Gabriel MiróVoy a detenerme un instante en el poema titulado «Gabriel Miró», porque es quizá el más importante de cuantos tratan el tema de la creación poética. Comienza afirmando que el poeta persigue la esencia de las cosas: «Poesía, lenguaje. ¿No se aúnan?[1] / El poeta persigue lo absoluto, / Lo absoluto del ser». Gabriel Miró, que es para Guillén poeta en prosa, «Siente que se le tienden sus palabras, / Activas cazadoras, / Hacia esas realidades, que ya intuye, / No ilusión de la mente». La palabra es instrumento especialmente válido para aprehender la realidad del mundo, de los seres: «Su lenguaje es poder y el mundo existe». Y añade: «Las palabras renacen con frescura / De Génesis, / Contentas de surgir en manantial». Estos tres versos parecen recordar cómo Dios otorgó al primer hombre la posibilidad de dar nombre a las cosas recién creadas, con lo que le dio también el poder de dominarlas. De algún modo, las cosas pasan a «estar bajo control» al tener un nombre asignado y, por supuesto, al ser nombradas; en efecto, en el poema «Con Lao-Zi» podemos leer: «“Los nombres son principio de las cosas.”».

Las ideas expuestas en este poema se completan con las indicadas en uno de los estudios de Lenguaje y poesía: «Lenguaje suficiente: Gabriel Miró» (pp. 143-179). Voy a entresacar las principales afirmaciones relativas a la expresión poética: «La poesía es la culminación de la existencia: vida profunda tiene que llegar a ser vida expresada»; «el hombre llega a ser hombre merced a la expresión»; la expresión es conquista espiritual más creación estética.

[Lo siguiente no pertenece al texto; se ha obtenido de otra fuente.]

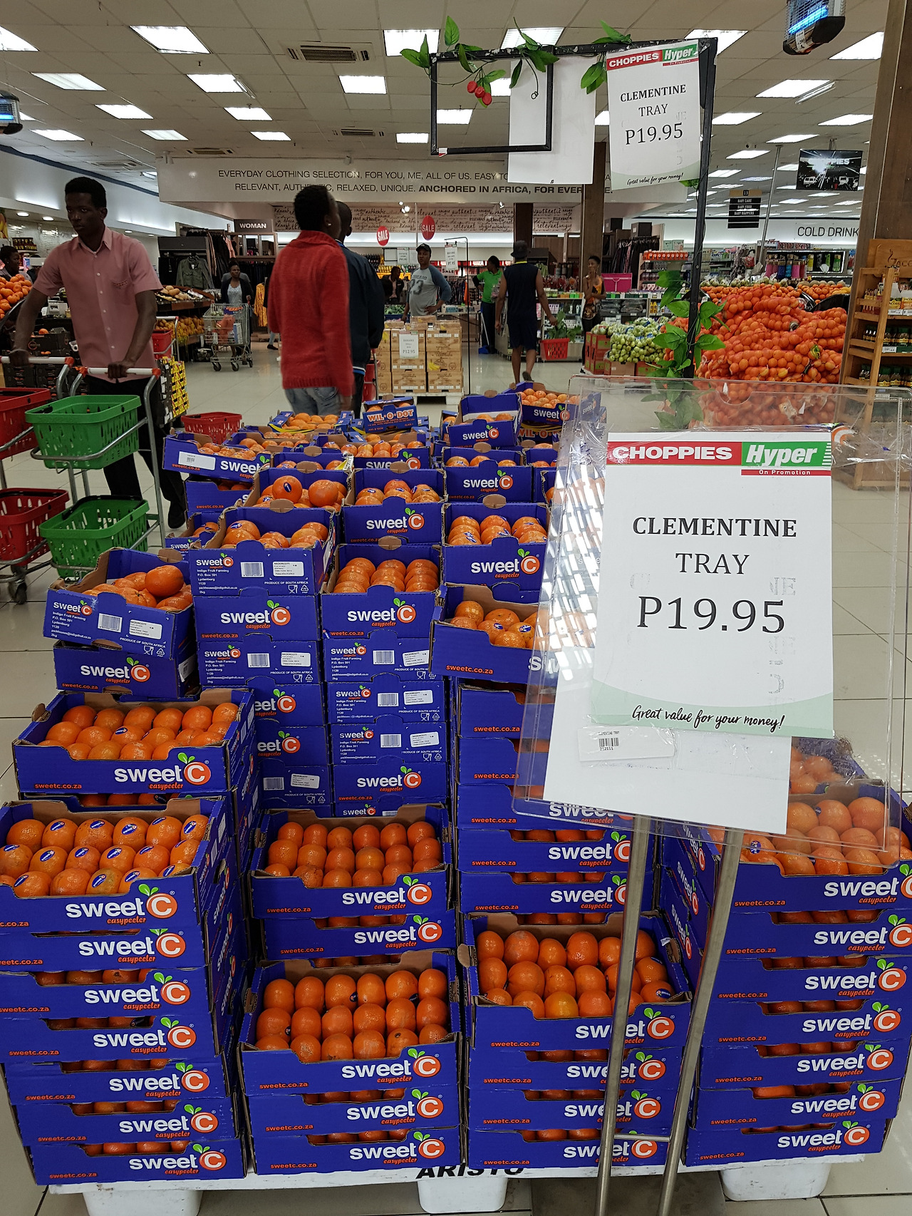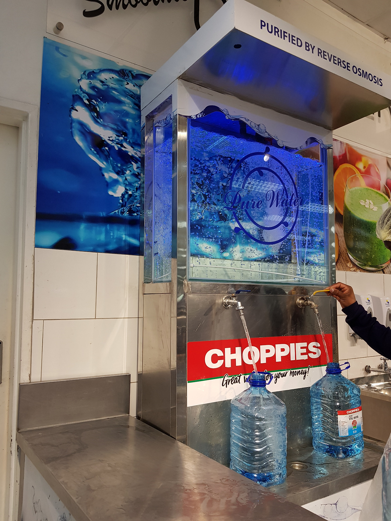 보츠와나에서 가장 흔히 볼 수 있는 마트는 SPAR(스파)와 CHOPPIES(초피스)였다. 스파는 네덜란드의 다국적 기업으로 남아프리카에 널리 분포하고, 초피스는 옆 나라 잠비아와 짐바브웨에도 진출한 보츠와나 기업으로 상대적으로 가격이 저렴하고 상품의 질과 분위기도 더 로컬 느낌이었다. 대부분의 프랜차이즈들은 인구가 밀집한 지역에 일반 매장보다 훨씬 큰 규모의 매장을 운영하고 이를 이름으로 구분하는데, 시골인 우리 동네에 SPAR와 CHOPPIES SUPERSTORE가 있다면 수도엔 SUPERSPAR와 CHOPPIES HYPER가 있었고 둘의 수준은 과연 매장 크기나 물건의 수준은 확연히 달랐다. 국내 기업으로 PAYLESS(페이리스)와 Sefalana(세팔라나)도 있는데, 전자는 오래된 쇼핑몰인 Main Mall과 BBS mall에서만 봤고 후자는 우리 동네에도 있었다.

Es decir, para Miró —según explica Guillén— la experiencia debe ser expresada para llegar a ser una experiencia plena; de esta forma, la experiencia, a través del filtro de la memoria, se convierte en creación o en re-creación. Guillén señala también que la literatura de Miró es «un contorno de sonido tierno paladeado»; y se refiere a continuación a sus características, haciendo especial hincapié en la profunda captación sensorial y en el recuerdo a través de la sensación: «Porque hay episodios y zonas de nuestra vida —dirá Miró— que no se ven del todo hasta que los revivimos y contemplamos por el recuerdo; el recuerdo les aplica la plenitud de la conciencia». Estas últimas ideas no están desarrolladas en el poema sino levemente sugeridas:

¿Hay juego? Mucho más.
Todo parte de espíritu, acechante,
De un alma conmovida,
Que desde su interior descubre mundo.
Sensación agudísima se incrusta,
Lo sólido remueve
Sin jamás diluirse hacia algún caos[2].


[1] Lenguaje y poesía es precisamente el título de un libro de crítica literaria de Guillén.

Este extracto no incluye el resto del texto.